The Bank of Japan shocked financial markets overnight by announcing that it is going to start printing Yen at a more rapid pace, 80 trillion a year instead of the 60-70 trillion that it’s been issuing since last April. That sent Japan’s stock market index soaring upwards, and pushed the value of the Yen down. Almost nobody saw it coming and it’s incredibly controversial in Japan. Central bank chief Haruhiko Kuroda was only able to muster a thin 5-4 margin in favor of the action.

After all, Kuroda clearly stated when he took office that he wanted to everything possible to boost the economy until the inflation rate got above 2 percent. Nobody thought 2 percent was a crazy inflation target. The USA, UK, Canada, and the Eurozone all target 2 percent.
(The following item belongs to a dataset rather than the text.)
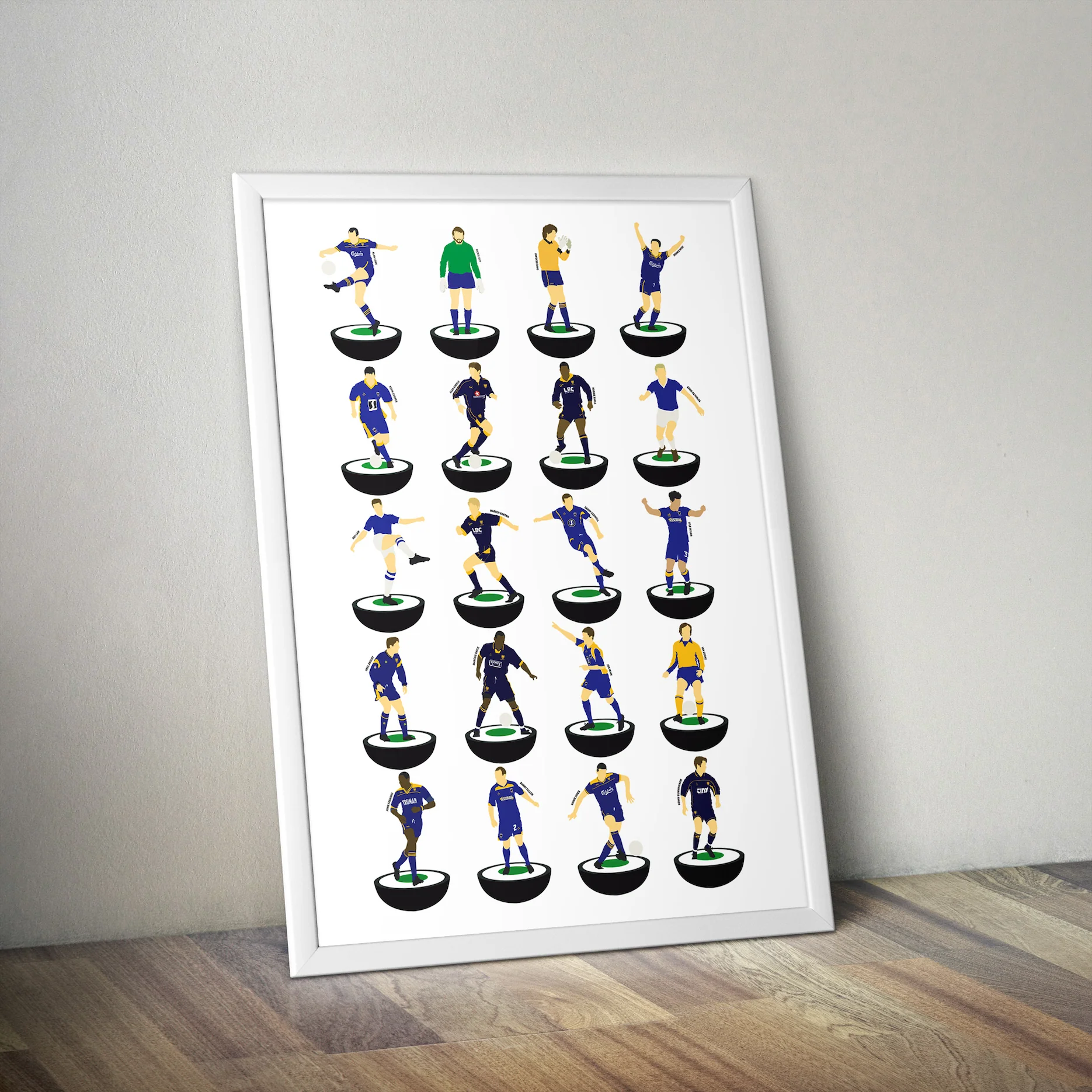 It features artwork inspired by past and present Wimbledon players in the Subbuteo style, including players like Denis Wise, Alan Kimble, Vinnie Jones and Robbie Earle.

And nobody doubts that Japanese inflation has been running below 2 percent. Printing money at a faster pace seems like a really obvious thing to do when inflation is running below your target.

So Kuroda is doing it. And the best thing is that he’s not promising to stop any time soon. He described the action as a demonstration of “our unwavering determination to end deflation” in a key indication that if even more is needed in the future, he is not going to hesitate. That is how you beat the secular stagnation blues.

Americans might want to ask ourselves why our central bank isn’t doing the same thing.

As Danielle Kurtzleben wrote on Wednesday, the Fed’s own money-printing exercise (“QE 3”) seems to have helped the economy while it lasted, and our own inflation rate remains below 2 percent. Yet instead of responding to the limited success of QE by doing even more QE, the Fed decided to respond to the limited success of QE by declaring victory and going home.

That’s what we’ve come to expect from the world’s central bankers. But people should ask themselves why more banks don’t take the Japanese approach. Building complicated macroeconomic models is hard. But telling whether inflation is above your target level or below your target level isn’t brain surgery. If it’s too low, then why not print more money? At the very worst, it won’t do anything. At best, it’ll provide the kind of powerful economist boost that Japan’s stock market is anticipating today.